- WORK ITEM
Return the data that follows exactly as it appears. Pictures do not belong in the copy.

━━━━━━━━

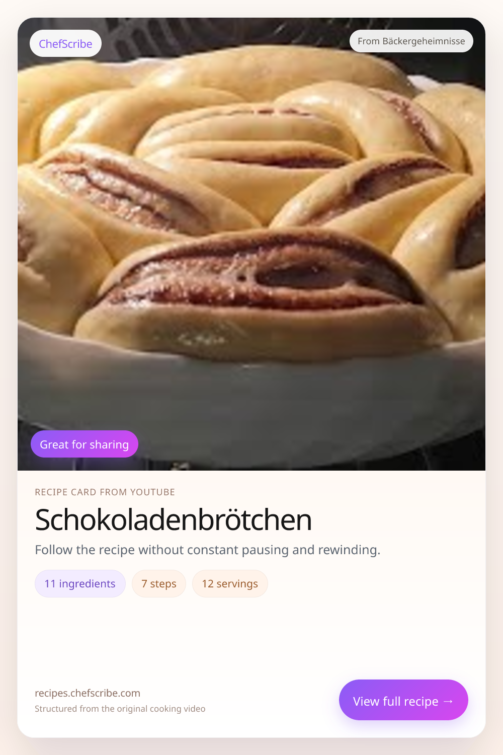 Schokoladenbrötchen is shown here as a structured recipe card extracted by ChefScribe from the original YouTube cooking video by Bäckergeheimnisse. It is designed to make the recipe easier to follow while cooking. For the creator’s full presentation and context, watch the original video on YouTube.
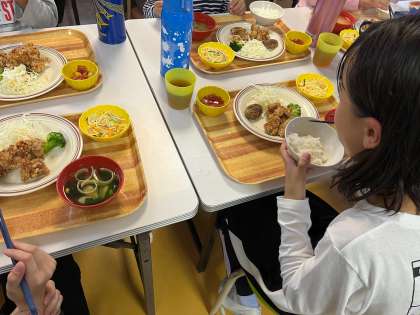 昨日の夕食の様子です。子どもたちは食欲があり、しっかりと食事をとれたようです。ごはん・みそ汁はお替り自由だったようですが、お替り用のごはん・みそ汁は全て食べてなくなりました。
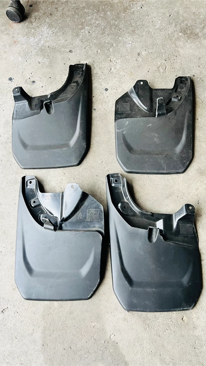 Set of four black mud flaps for rear left and right. Part number PU060-35016-R1 is visible on one of the flaps. These help protect your vehicle from mud and debris.
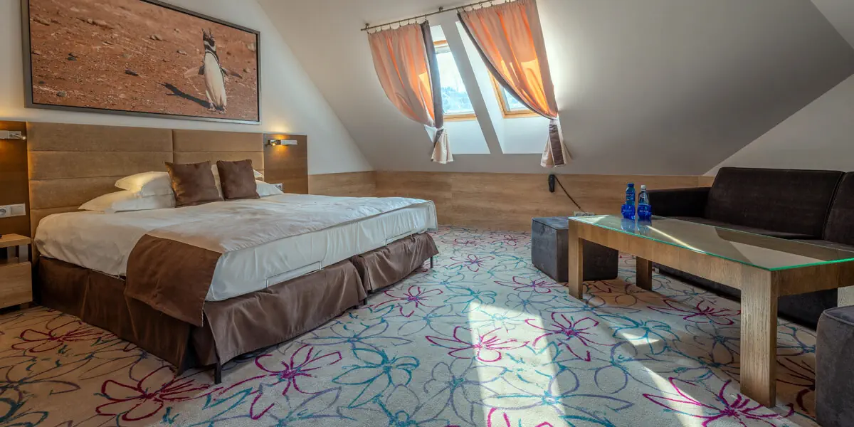 Komfortowy apartament na I piętrze hotelu. Ma dużą część dzienną i wygodną część sypialną. W dodatkowym wyposażeniu minibar, a w łazience wanna i prysznic
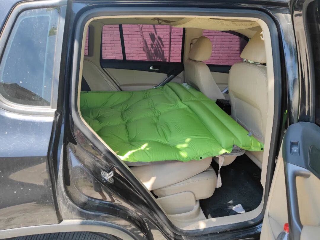后座放倒,铺上了我以前露营的充气垫。

━━━━━━━━

- EXERCISE ANSWER
 Schokoladenbrötchen is shown here as a structured recipe card extracted by ChefScribe from the original YouTube cooking video by Bäckergeheimnisse. It is designed to make the recipe easier to follow while cooking. For the creator’s full presentation and context, watch the original video on YouTube.
 昨日の夕食の様子です。子どもたちは食欲があり、しっかりと食事をとれたようです。ごはん・みそ汁はお替り自由だったようですが、お替り用のごはん・みそ汁は全て食べてなくなりました。
 Set of four black mud flaps for rear left and right. Part number PU060-35016-R1 is visible on one of the flaps. These help protect your vehicle from mud and debris.
 Komfortowy apartament na I piętrze hotelu. Ma dużą część dzienną i wygodną część sypialną. W dodatkowym wyposażeniu minibar, a w łazience wanna i prysznic
后座放倒,铺上了我以前露营的充气垫。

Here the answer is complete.